Task to complete: Omit every picture while repeating the entries exactly.

──────── Material provided ────────

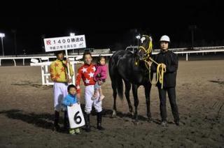 口取り写真では小林靖幸騎手がプラカードを持ってくれました。なお、1,400勝達成の表彰式は、明日(10月7日)6R終了後に行う予定です。
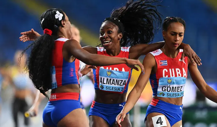The Netherlands also came unstuck in the women’s 4x400m. Halfway through the final leg they were on the shoulder of Britain but faded to fourth as Britain wound up third as Cuba (pictured below) stormed through for victory in 3:28.41 and Poland came through to the runner-up spot.
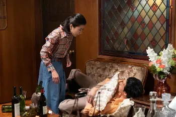 連続テレビ小説「ちむどんどん」第60話。フォンターナにて。房子(原田美枝子)と酒を酌み交わす暢子(黒島結菜)(C)NHK
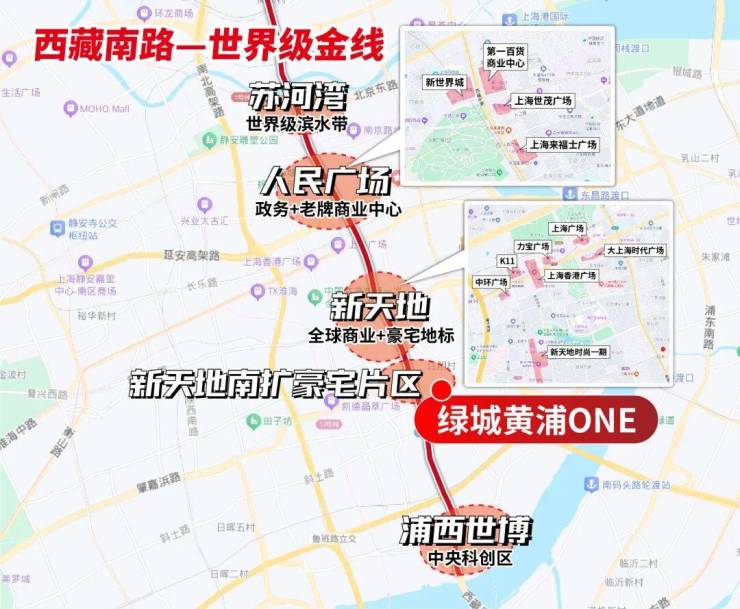 向北连接苏河湾世界级滨水区;向南直达人民广场,汇聚市政核心与经典商业地标;
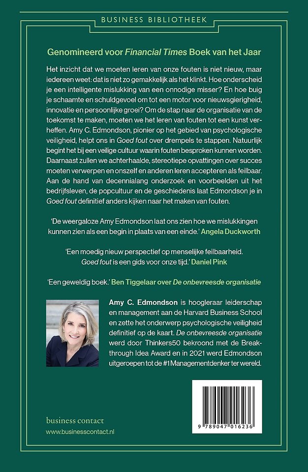 Meer over Amy EdmondsonDe volgende stap naar de organisatie van de toekomst is er een waarin leren van fouten tot een kunst verheven is. Amy Edmondson, de grondlegger van psychologische veiligheid, helpt ons die drempel over. Dat we van onze fouten moeten leren omdat het goed is voor innovatie en persoonlijke groei lijkt evident maar is niet zo gemakkelijk als het klinkt.

────────

Answer section:
 口取り写真では小林靖幸騎手がプラカードを持ってくれました。なお、1,400勝達成の表彰式は、明日(10月7日)6R終了後に行う予定です。
The Netherlands also came unstuck in the women’s 4x400m. Halfway through the final leg they were on the shoulder of Britain but faded to fourth as Britain wound up third as Cuba (pictured below) stormed through for victory in 3:28.41 and Poland came through to the runner-up spot.
 連続テレビ小説「ちむどんどん」第60話。フォンターナにて。房子(原田美枝子)と酒を酌み交わす暢子(黒島結菜)(C)NHK
 向北连接苏河湾世界级滨水区;向南直达人民广场,汇聚市政核心与经典商业地标;
 Meer over Amy EdmondsonDe volgende stap naar de organisatie van de toekomst is er een waarin leren van fouten tot een kunst verheven is. Amy Edmondson, de grondlegger van psychologische veiligheid, helpt ons die drempel over. Dat we van onze fouten moeten leren omdat het goed is voor innovatie en persoonlijke groei lijkt evident maar is niet zo gemakkelijk als het klinkt.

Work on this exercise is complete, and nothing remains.